If you are asking how you can make your database server 'pre-run' a query, then look into materialized views.
If the Oracle query is responsible for (for example) 10 seconds of the delay there may be other things you can do to speed it up, but we'd need a lot more information on what the query does
I came across a site that does something very similar to Google Suggest. When you type in 2 characters in the search box (e.g. "ca" if you are searching for "canon" products), it makes 4 Ajax requests. Each request seems to get done in less than 125ms. I've casually observed Google Suggest taking 500ms or longer.
In either case, both sites are fast. What are the general concepts/strategies that should be followed in order to get super-fast requests/responses? Thanks.
EDIT 1: by the way, I plan to implement an autocomplete feature for an e-commerce site search where it 1.) provides search suggestion based on what is being typed and 2.) a list of potential products matches based on what has been typed so far. I'm trying for something similar to SLI Systems search (see http://www.bedbathstore.com/ for example).
This is a bit of a "how long is a piece of string" question and so I'm making this a community wiki answer — everyone feel free to jump in on it.
I'd say it's a matter of ensuring that:
The server / server farm / cloud you're querying is sized correctly according to the load you're throwing at it and/or can resize itself according to that load
The server /server farm / cloud is attached to a good quick network backbone
The data structures you're querying server-side (database tables or what-have-you) are tuned to respond to those precise requests as quickly as possible
You're not making unnecessary requests (HTTP requests can be expensive to set up; you want to avoid firing off four of them when one will do); you probably also want to throw in a bit of hysteresis management (delaying the request while people are typing, only sending it a couple of seconds after they stop, and resetting that timeout if they start again)

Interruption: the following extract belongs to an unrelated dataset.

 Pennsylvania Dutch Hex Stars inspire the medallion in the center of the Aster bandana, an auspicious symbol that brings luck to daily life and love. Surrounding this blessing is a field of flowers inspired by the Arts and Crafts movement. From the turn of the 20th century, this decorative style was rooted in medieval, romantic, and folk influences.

You're sending as little information across the wire as can reasonably be used to do the job
Your servers are configured to re-use connections (HTTP 1.1) rather than re-establishing them (this will be the default in most cases)

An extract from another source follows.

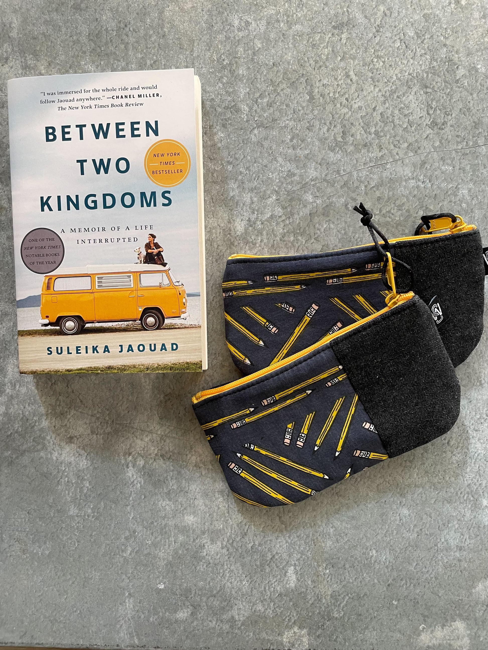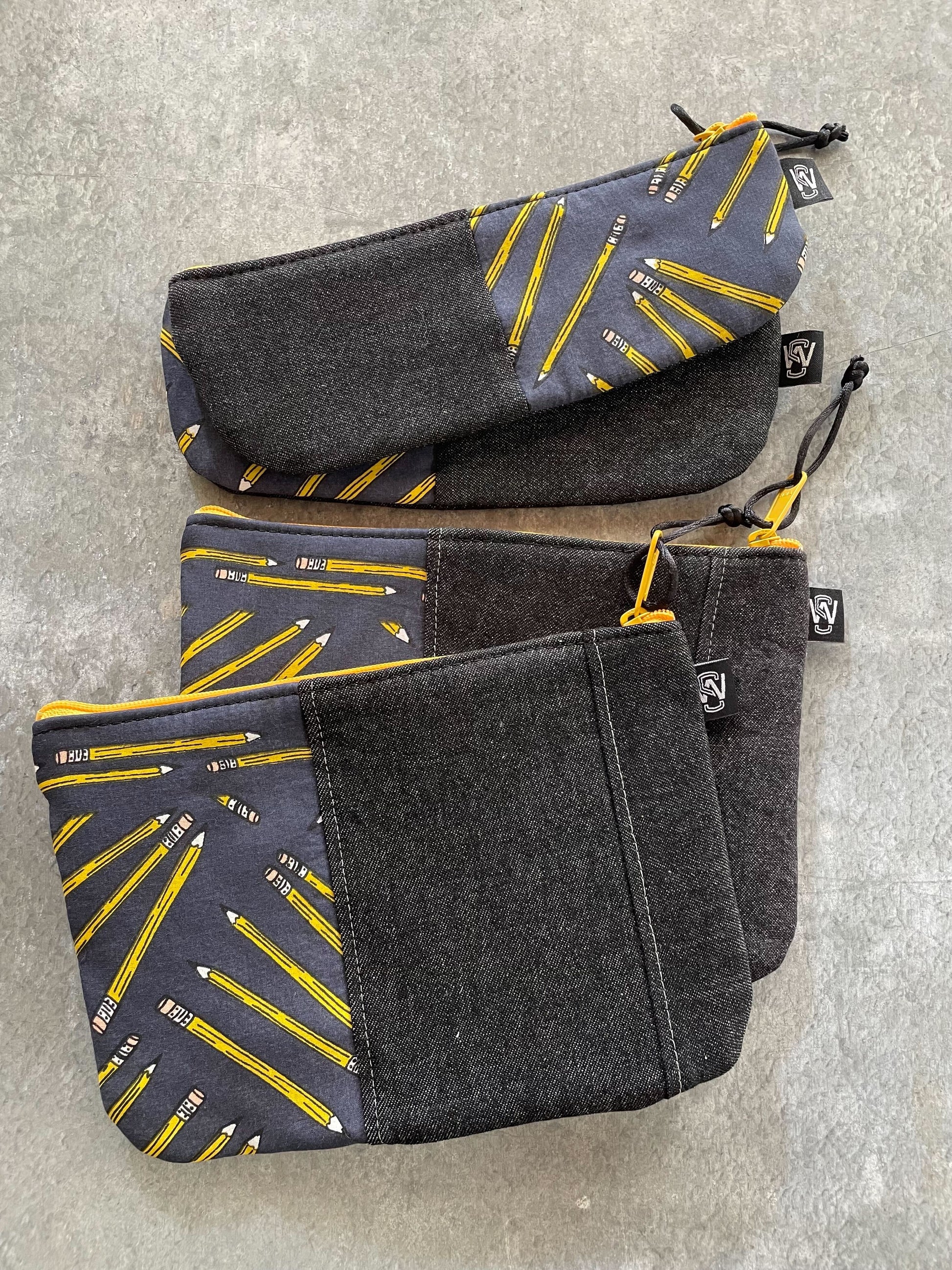 Scrap zipper pouches made from Shift clothing scraps, lined with railroad denim.

You're using the right kind of server; if a server has a large number of keep-alive requests, it needs to be designed to handle that gracefully (NodeJS is designed for this, as an example; Apache isn't, particularly, although it is of course an extremely capable server)
You can cache results for common queries so as to avoid going to the underlying data store unnecessarily
You will need a web server that is able to respond quickly, but that is usually not the problem. You will also need a database server that is fast, and can query very fast which popular search results start with 'ca'. Google doesn't use conventional database for this at all, but use large clusters of servers, a Cassandra-like database, and a most of that data is kept in memory as well for quicker access.

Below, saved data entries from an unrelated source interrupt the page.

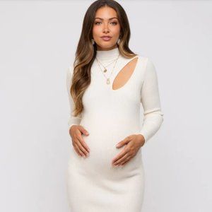 A solid ribbed knit maternity midi dress with a mock neck, cutout detail on chest and back slit.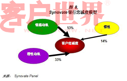 我们在中国进行的小组研究中,在客户忠诚度上,理性动机有着很大的影响,并且也有惯性的特殊影响越为安静的客户,他们就对转换银行越不为所动。这些客户对他们所选择的银行不是十分在意,并且转换银行不值得他们花费时间和精力。这些客户尝试维持银行,不在乎他们的表现如何,除非发生了特别糟糕的事。在我们的分析中,我们发现,在中国影响忠诚度最重要的部分是情感动机,这就表明,中国的银行要增强与客户间的关系,除了满足客户的功能性需求,必须和他们建立情感上的联系。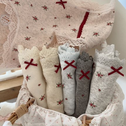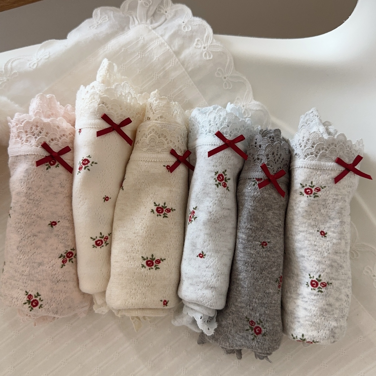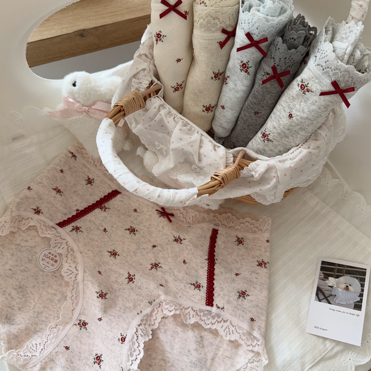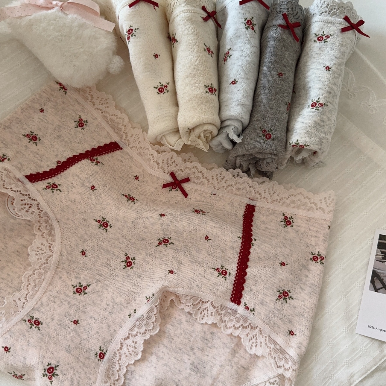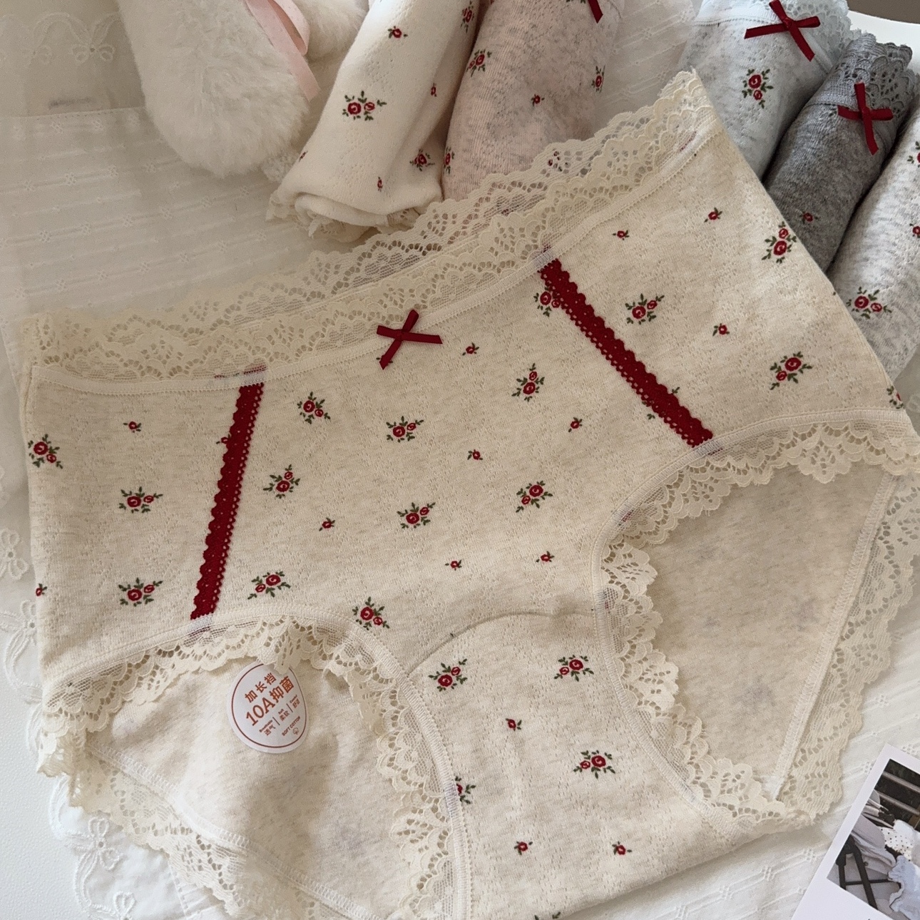 芭蕾风复古灰红色系蕾丝花边小碎花秋冬暖肤中腰三角裤棉无痕内裤

I'm not sure if you will need this, because you can probably get pretty good results using only a single server running PHP and MySQL, but you'll have to make some good choices about the way you store and retrieve the information. You won't get these fast results if you run a query like this:
select
q.search
from
previousqueries q
where
q.search LIKE 'ca%'
group by
q.search
order by
count(*) DESC
limit 1
This will probably work as long as fewer than 20 people have used your search, but will likely fail on you before you reach a 100.000.
This link explains how they made instant previews fast. The whole site highscalability.com is very informative.
Furthermore, you should store everything in memory and should avoid retrieving data from the disc (slow!). Redis for example is lightning fast!
You could start by doing a fast search engine for your products. Check out Lucene for full text searching. It is available for PHP, Java and .NET amongst other.